The Cathedral of the Immaculate Conception is a Roman Catholic church near the Mansion District in Albany, New York, United States. Built in the period of the 1848-1852, it is the mother church of the Diocese of Albany. In 1976 it was listed on the National Register of Historic Places.

It has several claims to architectural and ecclesiastical history. Designed by Irish American architect Patrick Keely to accommodate Albany's growing population of Catholic immigrants, it is the second-oldest cathedral in the state, after St. Patrick's Cathedral in New York City. It is also the third oldest Catholic cathedral in the United States, and the first American Catholic cathedral in the Neo-Gothic architectural style.

The interior features the original stained glass windows, imported from England, and award-winning Stations of the Cross statuary. When completed, it was the tallest building in Albany. It has hosted visits by cardinals and leaders of other faiths, including one Archbishop of Canterbury, and the weddings of two Catholic governors' daughters. In 1986 it hosted the first-ever service of forgiveness between Catholics and Jews on Palm Sunday, an event commemorated by a sculpture outside the building.
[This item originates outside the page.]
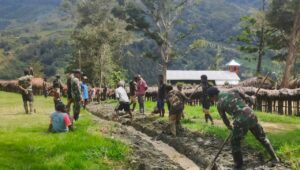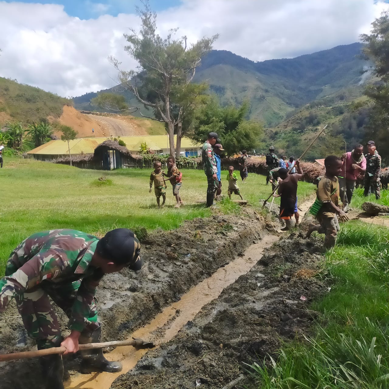Lanny Jaya, Papua | Lagi, Prajurit Satgas Yonif MR 412 Kostrad hadir ditengah- tengah masyarakat pedalaman Papua untuk bergotong royong kerja bakti bersama masyarakat Desa Balingga membantu memperlebar dan membersihkan saluran air sepanjang kurang lebih 300 meter yang berada di depan Puskesmas Desa Balingga Distrik Balingga Kabupaten Lanny Jaya Papua

Construction of the cathedral, at the behest of the diocese's first bishop, John McCloskey, took four years. Its south tower took 40, and it was not consecrated until its 50th anniversary in 1902. The construction of Empire State Plaza, the nearby New York state government complex, threatened the cathedral in the 1960s when it required the demolition of most of the surrounding neighborhood. It has been through several renovations in its history, including a $30 million restoration early in the 21st century.

Building

The cathedral is located in a one-acre () lot on the southwest corner of the intersection of Eagle Street and Madison Avenue (U.S. Route 20). The terrain sloping gently westward from the Hudson River roughly three-quarters of a mile (1.1 km) to the east. It is just outside the Mansion Historic District, also listed on the National Register. Bleecker Park is just across Eagle; beyond it are rowhouses that contribute to that district.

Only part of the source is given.